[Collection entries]
● ● ●
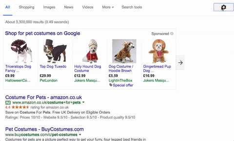 Not finding your site on the first page? Instead of clicking through to the many ooooos of Google, we’re going to change the settings in your browser to show 50 or 100 results per search so we can view more results with every search. I’m going to want to see A LOT more pet costume results, so I’ll click on the gear icon in Chrome and hit "Search Settings," then toggle up the "Results per page":
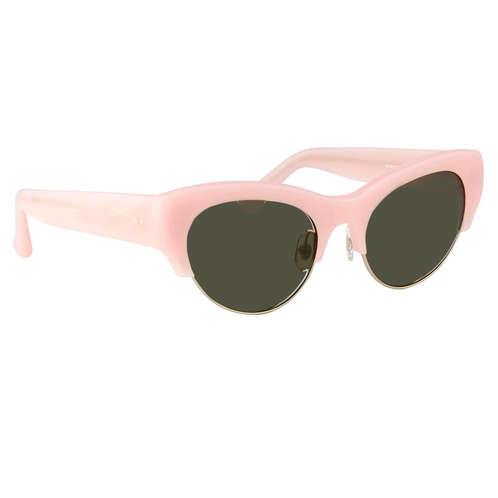 Her baby pink shades feature cat eye frames and green solid lenses.
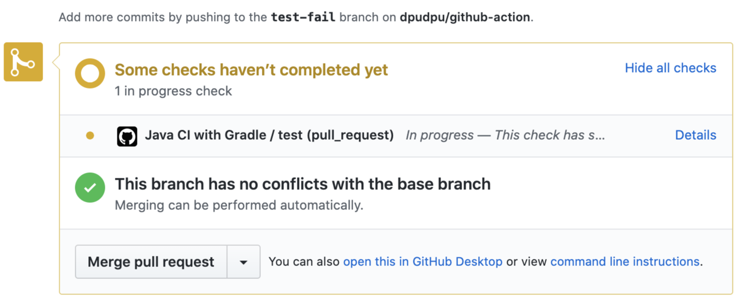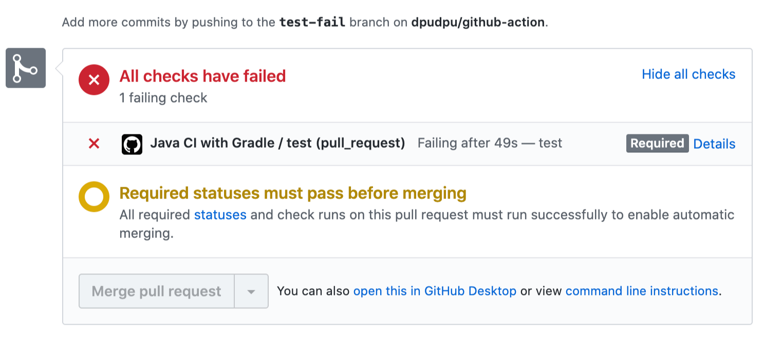 위처럼 CI가 실행 중이거나, 실패한 경우 merge가 되면 안 됩니다.
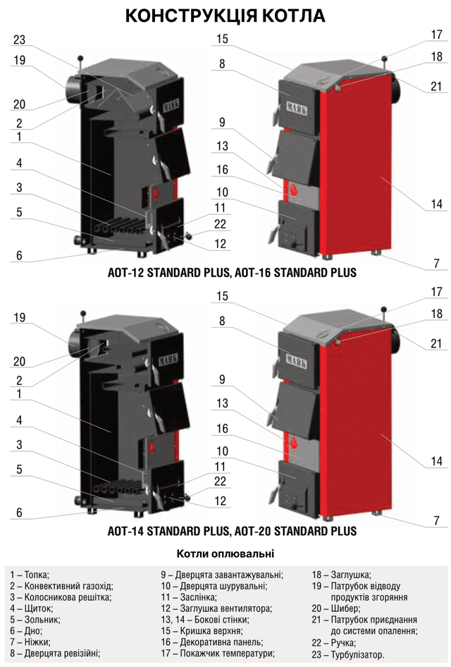 Водогрійні стальні котли серії АОТ СТАНДАРТ ПЛЮС з водоохолоджуваними колосниками, призначені для обігріву приміщень, обладнаних системою водяного опалення з природною або примусовою циркуляцією теплоносія.
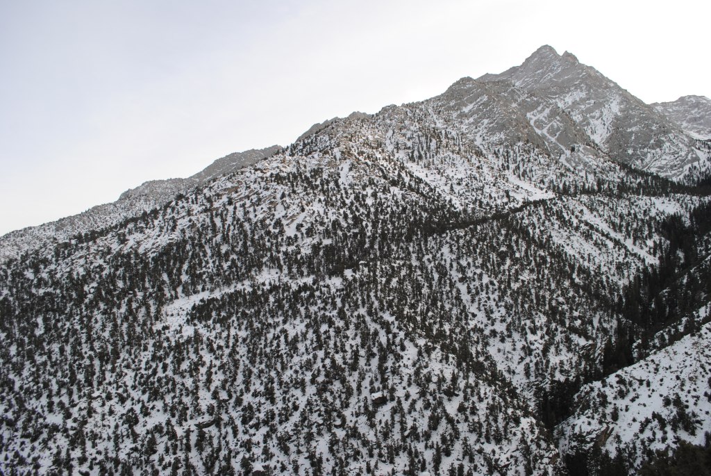 After a few quick s-turns, you take one more corner, and BAM! You are treated to the first up-close and personal view of Mt. Whitney herself. It was here in which the snow became (almost instantaneously) pretty deep. We put on our microspikes once again and did not take them off! Once you see Mt. Whitney for the first time, the road continues along Lone Pine Creek towards the summit.
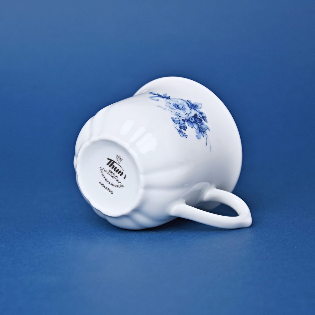 Pouze samostatný šálek. Dekor Rose 80061, Thun 1794 - modrá růže.
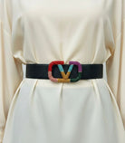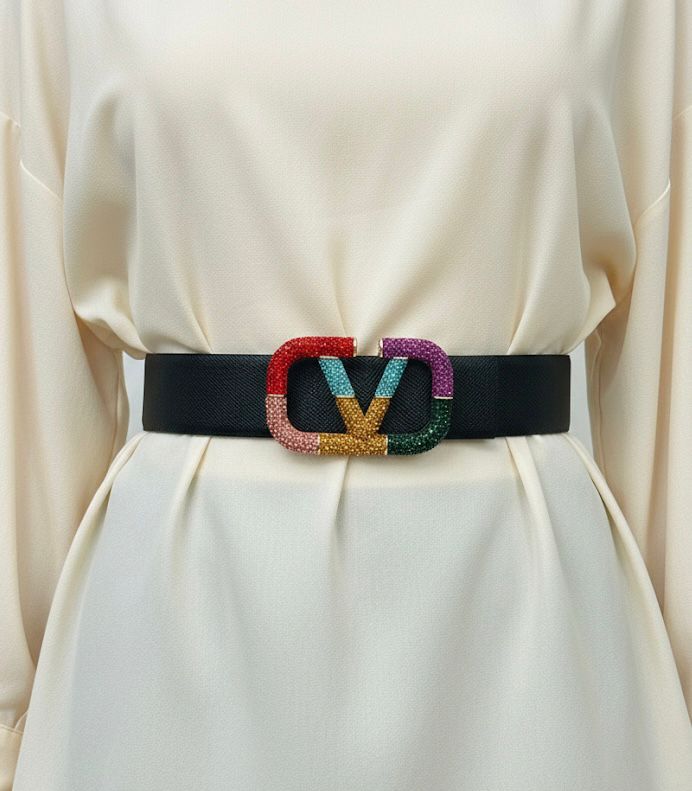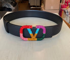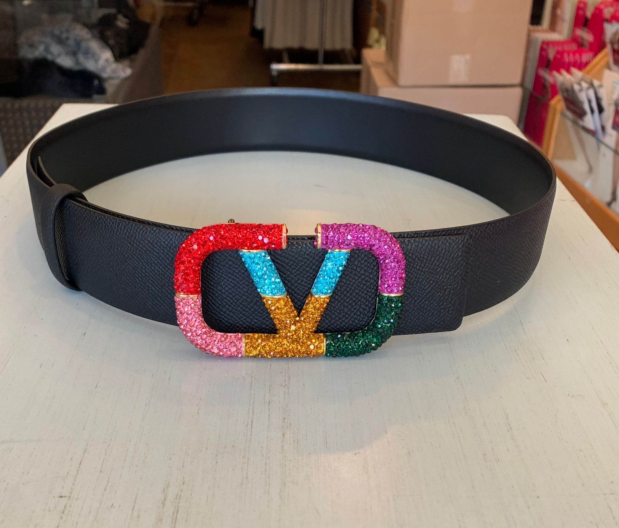 FHTH Valentino Black Belt with Multi Color Rhinestones
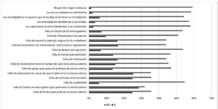 Frente a los obstáculos y barreras percibidas para la implementación de la ciencia abierta, desde la mirada institucional puede observarse que se requiere la voluntad política para hacerlo, pues los investigadores de las ciencias humanísticas tienen toda la facilidad para aplicarla.
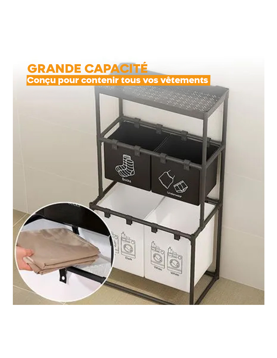 Panier à linge pliable et gain de place
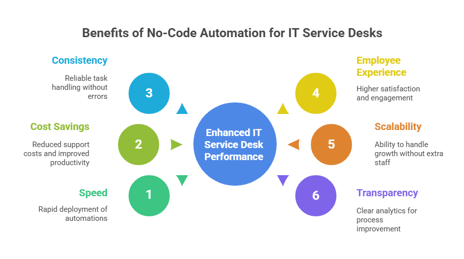 IT teams traditionally rely on scripts and manual procedures. Automating these processes with no‑code delivers multiple advantages:
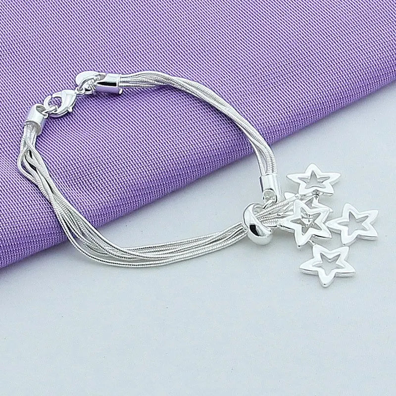 Elegant 925 sterling silver bracelet featuring a stylish design of star snake bone. Perfect for weddings, gifts, or everyday wear.
● ● ●
PROBLEM DESCRIPTION – This exercise asks for an exact copy of the lines from the first one in the data through the line that contains "FHTH Valentino Black", pictures excluded.

ANSWER FOR THE TASK –
 Not finding your site on the first page? Instead of clicking through to the many ooooos of Google, we’re going to change the settings in your browser to show 50 or 100 results per search so we can view more results with every search. I’m going to want to see A LOT more pet costume results, so I’ll click on the gear icon in Chrome and hit "Search Settings," then toggle up the "Results per page":
 Her baby pink shades feature cat eye frames and green solid lenses.
 위처럼 CI가 실행 중이거나, 실패한 경우 merge가 되면 안 됩니다.
 Водогрійні стальні котли серії АОТ СТАНДАРТ ПЛЮС з водоохолоджуваними колосниками, призначені для обігріву приміщень, обладнаних системою водяного опалення з природною або примусовою циркуляцією теплоносія.
 After a few quick s-turns, you take one more corner, and BAM! You are treated to the first up-close and personal view of Mt. Whitney herself. It was here in which the snow became (almost instantaneously) pretty deep. We put on our microspikes once again and did not take them off! Once you see Mt. Whitney for the first time, the road continues along Lone Pine Creek towards the summit.
 Pouze samostatný šálek. Dekor Rose 80061, Thun 1794 - modrá růže.
 FHTH Valentino Black Belt with Multi Color Rhinestones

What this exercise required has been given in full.